I'm trying to use Joblib to parallelize some calculations in my code. Here's what I have so far:
data = {'tag': [], 'radials': []}
def append_radials(*args):
for tag in range(len(sacla_tags)):
det_data = get_detdata_for_single_tag(sacla_tags[tag], beamline, run)
radial_profile = np.array(profiler.get_mean_profile(det_data))
data['radials'].append(radial_profile)
data['tag'].append(sacla_tags[tag])
args = [sacla_tags, beamline, run, profiler]
Parallel(n_jobs=5, verbose=50)(delayed(append_radials)(*args) for i in range(5))
In short, the append_radials
function gathers some data, throws it into the radial_profile
line, then appends the output to the data
dictionary. This is iterating over a very large dataset, which takes ~15 minutes to complete. I want to use joblib to speed this up a bit.
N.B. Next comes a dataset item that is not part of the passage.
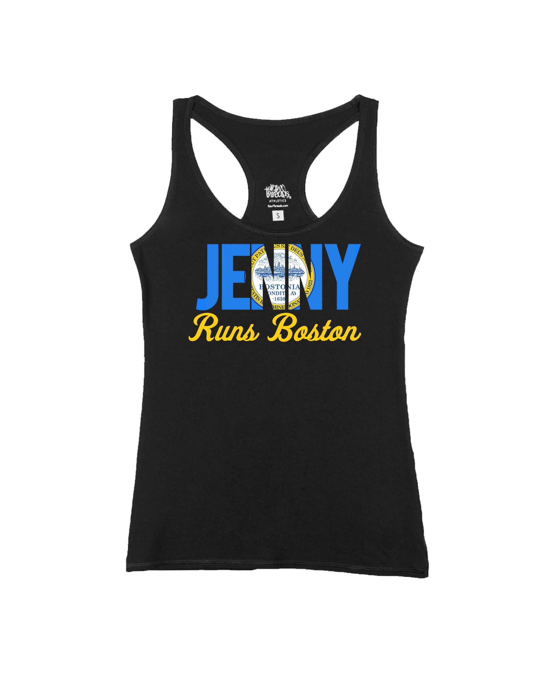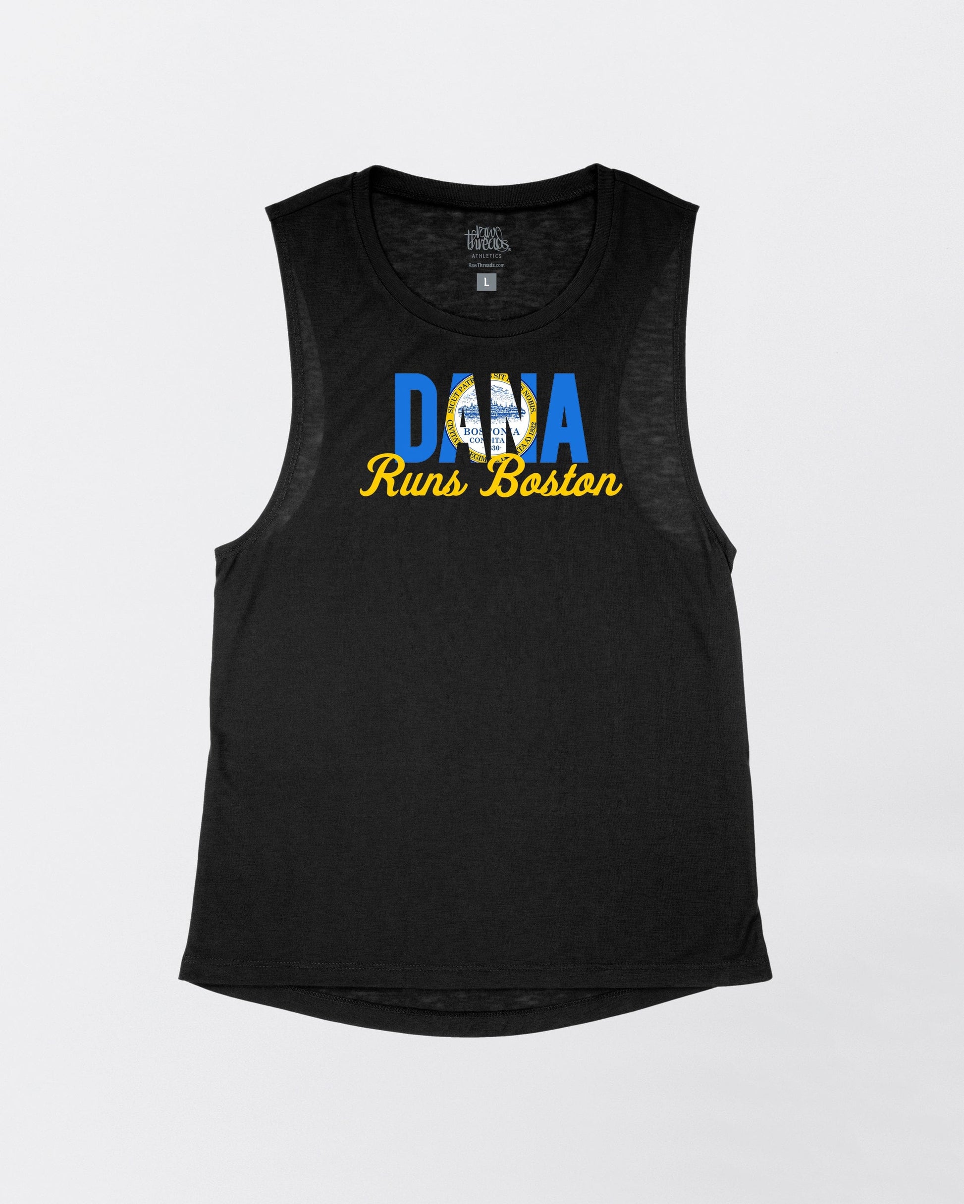 Customize this Boston Flag Flowy Tank and stand out in the crowd! Have your name on display as you run the marathon and get cheered on by the audience. Show off your Boston pride in style with this customizable tank top!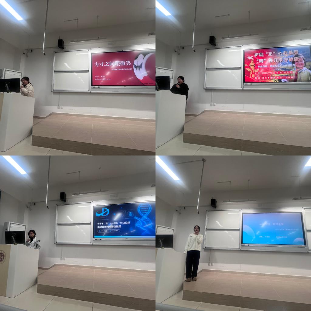 本次比赛自11月启动以来,得到全院学生的积极响应,经过班级初选、专业复选两轮激烈角逐,8名选手凭借清晰的规划思路、扎实的自我认知和贴合专业的职业目标,成功晋级决赛。比赛现场,选手们展现出极强的逻辑思维与表达能力,规划方案兼具专业性与创新性。他们结合 PPT,从自我认知、口腔行业环境分析、职业目标确立、分阶段成长路径设计、专业学习与实践行动计划及动态评估调整方案等方面,全面阐述个人职业规划方案。

The way the code is written, it loops through every tag (len(sacla_tags)=5000
) in each job. Instead, I want it to split up the tags into say, 5 different job (1000 tags per job), then append the output to the global dictionary data
.
Is this possible? What am I doing wrong here?
EDIT:
Here's a simpler example of my code.
def f(i):
dat = []
q = i**2 * np.sqrt(i**(3/2))
dat.append(q)
return dat
x = np.linspace(1,10000000,1000000)
p = Parallel(n_jobs=5, verbose=50)(delayed(f)(x) for j in range(5))
The output of p
here is:
In [37]: p
Out[37]:
[[array([1.00000000e+00, 7.30854392e+02, 4.32617501e+03, ...,
1.77826963e+19, 1.77827452e+19, 1.77827941e+19])],
[array([1.00000000e+00, 7.30854392e+02, 4.32617501e+03, ...,
1.77826963e+19, 1.77827452e+19, 1.77827941e+19])],
[array([1.00000000e+00, 7.30854392e+02, 4.32617501e+03, ...,
1.77826963e+19, 1.77827452e+19, 1.77827941e+19])],
[array([1.00000000e+00, 7.30854392e+02, 4.32617501e+03, ...,
1.77826963e+19, 1.77827452e+19, 1.77827941e+19])],
[array([1.00000000e+00, 7.30854392e+02, 4.32617501e+03, ...,
1.77826963e+19, 1.77827452e+19, 1.77827941e+19])]]
Each array in p
is the same length, joblib didn't split up the range. Instead, it ran f(x)
five times.
I know this is some basic concept I'm not quite grasping with how joblib works, but how would I tell it to, for example, split x
up into 5 chunks and run those in parallel?